But on the bridge, Captain Smith knew the truth. It was well after one o’clock by then and the engine room was flooded. There was no doubt that she was going down, the only question was how soon. And he was sure now that it wouldn’t be long. Wireless Operator Phillips was sending frantic messages everywhere, and on the
Californian
, their radio still turned off, they watched the rockets high above the
Titanic
without dreaming what they meant. They still thought she was celebrating. At one point, they noticed that she had begun to look very strange, and one of their officers thought she was sitting in the water at an odd angle. But still it never dawned on them that she was sinking. And the
Olympic
radioed and wanted to know if the
Titanic
was coming to meet them. No one understood what was happening, or how fast they were going down. It was inconceivable to all
that the “unsinkable” ship, the biggest ship afloat, was actually sinking. In fact, she was already halfway there. And this time, when Bert and Kate stepped out of the gym again, the atmosphere was very different. People were no longer calling out to each other quite so gaily, and husbands were begging their wives to be brave and leave the ship in the lifeboats without them. And when the women refused, the husbands forced them into crewmen’s arms, and more than one woman was tossed unwillingly into a lifeboat. Lightoller, on the port side, was still following the rule of women and children only, but on the starboard side, for a few men there was hope, particularly if they claimed to know something about boats. They needed all the help they could get to row them. A few people were openly crying now and there were heart-wrenching good-byes everywhere. Most of the children were gone, and Kate was relieved that theirs were, too, with the exception of Phillip, but he would leave with them. And then, out of the corner of her eye, she saw little Lorraine Allison clinging to her mother’s hand on the deck, and it reminded her of Alexis, now safely off with her brothers and sisters in lifeboat number eight. Mrs. Allison had kept Lorraine with her, and thus far she had refused to leave her husband, but she had put her younger child, Trevor, off with his nurse in one of the early lifeboats. More than once, Kate had seen families separate, and wives and children go on ahead, with the assumption that the husbands would get in the lifeboats that would leave the ship later. It was only toward the very end that it became obvious that almost all of the lifeboats were gone, and there were still almost two thousand people left on board with no way to escape, no way to flee the sinking ship. They were discovering what the captain, the builder, and the head of the White Star Line had known all along, that there weren’t enough lifeboats for every
one. If the ship went down, most of them would drown, but who had ever thought the
Titanic
would sink and they would actually need the lifeboats in which to escape her?

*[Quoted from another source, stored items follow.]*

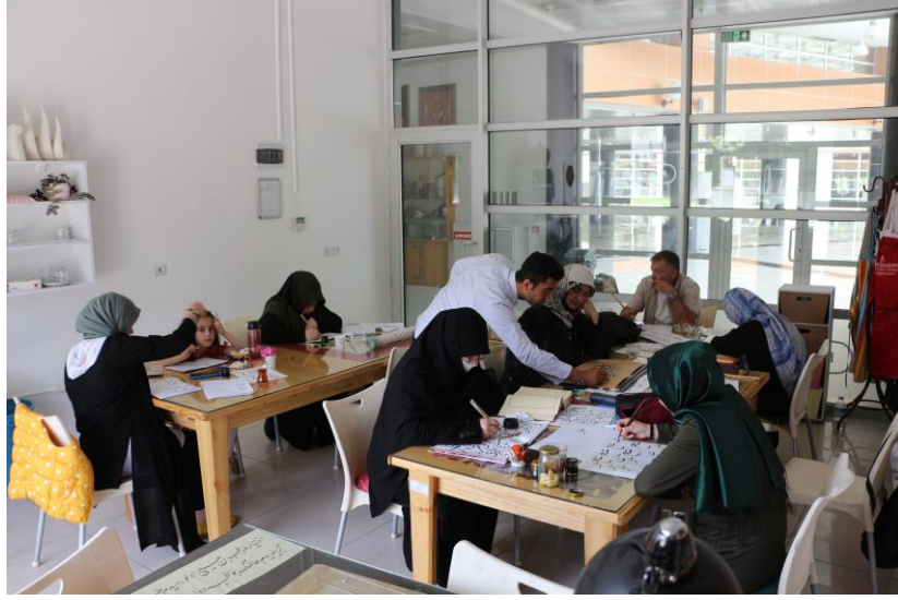
Resim 12. MEBESEM’de Hüsni Hat Kursu
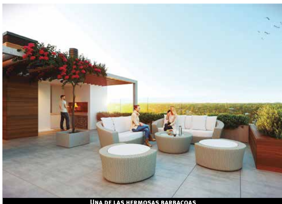
UNA DE LAS HERMOSAS BARBACOAS
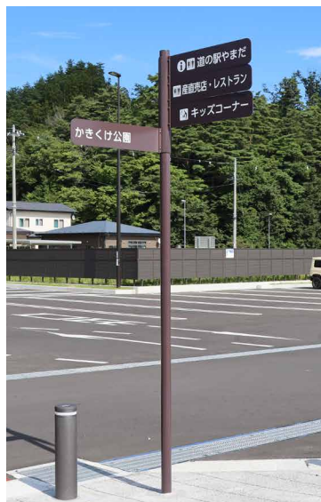
表示板サイズ：W800xH180 表示方法：スーパーカラー R 印刷 +フッ素ラミネート 本体素材：ステンレス
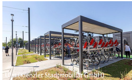
Ulm (Kienzler Stadtmobiliar GmbH)
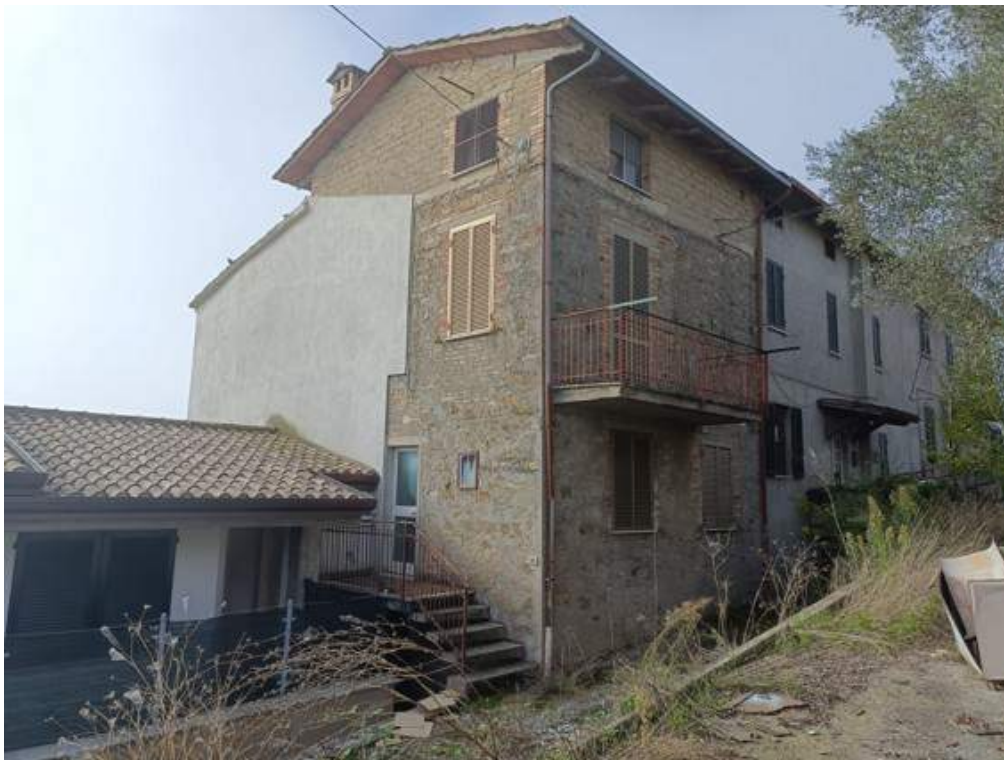
Fotografia I.4 - Fabbricato esterno lati Nord ed Est
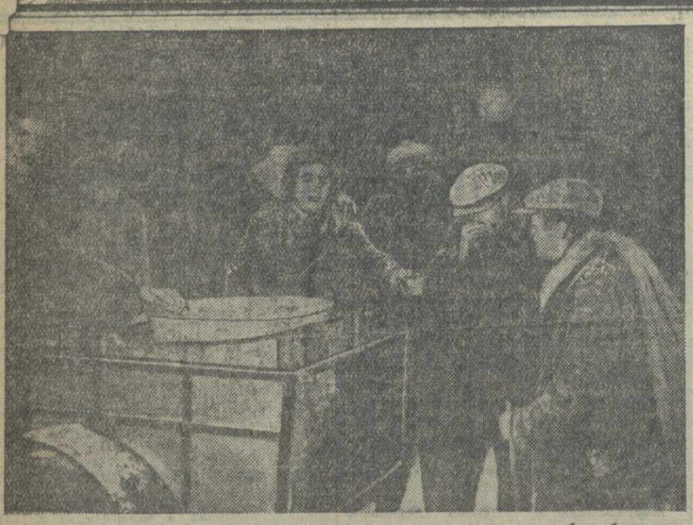
Наступившие морозы во Франции застали на улицах тысячи безработных, на некоторых прова. Они вынуждены пользоваться помощью различных благотворительных обществ. На снимке: члены благотворительного общества в Париже «помогают» безработным, выдавая каждому по чашке кофе.

The captain was still on the bridge, and Thomas Andrews, the managing director of the firm that had built the enormous ship, was still helping to load people into the lifeboats, as Bruce Ismay, head of the White Star Line, pulled his collar close around his neck and stepped into one of the lifeboats, and no one dared to say a word of challenge. He was lowered to safety with the few chosen lucky ones, leaving close to two thousand souls doomed on the sinking
Titanic.

“Kate …” Bert was looking at her pointedly, as they watched the next lifeboat being swung out on the davits. “I want you to go in this one.” But she quietly shook her head and looked at him, and this time when her eyes met his, they were quiet and strong. She had always obeyed him, but she knew she wouldn’t this time, no matter what he said to sway her.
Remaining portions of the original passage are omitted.